Objective speech intelligibility prediction using a deep learning model with continuous speech-evoked cortical auditory responses

Youngmin Na; Hyosung Joo; Le Thi Trang; Luong Do Anh Quan; Jihwan Woo

doi:10.3389/fnins.2022.906616

Objective speech intelligibility prediction using a deep learning model with continuous speech-evoked cortical auditory responses

Front Neurosci. 2022 Aug 18:16:906616. doi: 10.3389/fnins.2022.906616. eCollection 2022.

Authors

Youngmin Na¹, Hyosung Joo², Le Thi Trang², Luong Do Anh Quan², Jihwan Woo^{1

2}

Affiliations

¹ Department of Biomedical Engineering, University of Ulsan, Ulsan, South Korea.
² Department of Electrical, Electronic and Computer Engineering, University of Ulsan, Ulsan, South Korea.

Abstract

Auditory prostheses provide an opportunity for rehabilitation of hearing-impaired patients. Speech intelligibility can be used to estimate the extent to which the auditory prosthesis improves the user's speech comprehension. Although behavior-based speech intelligibility is the gold standard, precise evaluation is limited due to its subjectiveness. Here, we used a convolutional neural network to predict speech intelligibility from electroencephalography (EEG). Sixty-four-channel EEGs were recorded from 87 adult participants with normal hearing.

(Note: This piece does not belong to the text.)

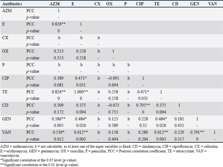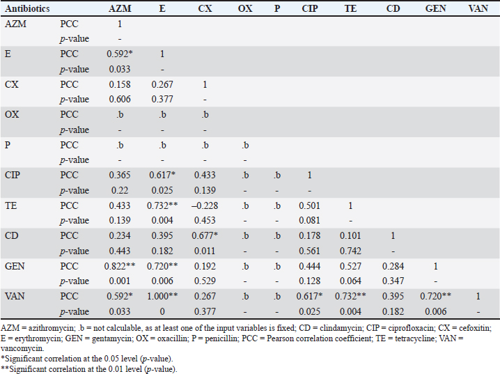 Previous studies have shown that bacteria can penetrate eggshells (Gole et al., 2014; Kulshreshtha et al., 2021). The widespread use of antibiotics in treating farm animals and in poultry feed may contribute to the presence of MRSA in eggs, facilitating the infection of eggs by resistant bacteria (Abreu et al., 2023). The current study aimed to detect S. aureus in egg samples collected from various retail sources to understand its prevalence, molecular characteristics, antimicrobial sensitivity, and MDR profile in Bangladesh. This research sheds light on how bacteria enter eggs, potentially through human or animal sources. The study found that Staphylococcus spp. were present in 53% of eggshell samples and 41% of egg contents. Among these, 21% of the eggshell isolates and 13% of the egg content isolates were confirmed as S. aureus. These findings emphasize the presence of potentially harmful bacteria in both the outer and inner parts of table eggs, underscoring the importance of good hygiene practices in egg production and consumption to ensure food safety and protect public health. Previous studies have indicated that bacteria, especially Staphylococcus spp., can be found on the outer shell of eggs (Verma et al., 2023). Punom et al. (2020) investigated unhatched leftover duck eggs from selected mini hatcheries in Kishoreganj, Bangladesh, and found a high prevalence of Salmonella spp., E. coli, Staphylococcus spp., and Clostridium spp. in unhatched leftover duck eggs. These bacterial species potentially contribute to decreased hatchability and increased embryo mortality. Pondit et al. (2018) also reported a high prevalence rate of S. aureus in chicken and quail eggshells in Mymensingh, Bangladesh. Table 8. Pearson correlation coefficient to assess the pairs of any of the two antibiotic-resistant Staphylococcus aureus isolated from table egg content samples.

Sentences spectrally degraded by a 2-, 3-, 4-, 5-, and 8-channel vocoder were used to set relatively low speech intelligibility conditions. A Korean sentence recognition test was used. The speech intelligibility scores were divided into 41 discrete levels ranging from 0 to 100%, with a step of 2.5%. Three scores, namely 30.0, 37.5, and 40.0%, were not collected. The speech features, i.e., the speech temporal envelope (ENV) and phoneme (PH) onset, were used to extract continuous-speech EEGs for speech intelligibility prediction. The deep learning model was trained by a dataset of event-related potentials (ERP), correlation coefficients between the ERPs and ENVs, between the ERPs and PH onset, or between ERPs and the product of the multiplication of PH and ENV (PHENV). The speech intelligibility prediction accuracies were 97.33% (ERP), 99.42% (ENV), 99.55% (PH), and 99.91% (PHENV). The models were interpreted using the occlusion sensitivity approach. While the ENV models' informative electrodes were located in the occipital area, the informative electrodes of the phoneme models, i.e., PH and PHENV, were based on the occlusion sensitivity map located in the language processing area. Of the models tested, the PHENV model obtained the best speech intelligibility prediction accuracy. This model may promote clinical prediction of speech intelligibility with a comfort speech intelligibility test.

Keywords: EEG; continuous speech; deep-learning; occlusion sensitivity; speech intelligibility.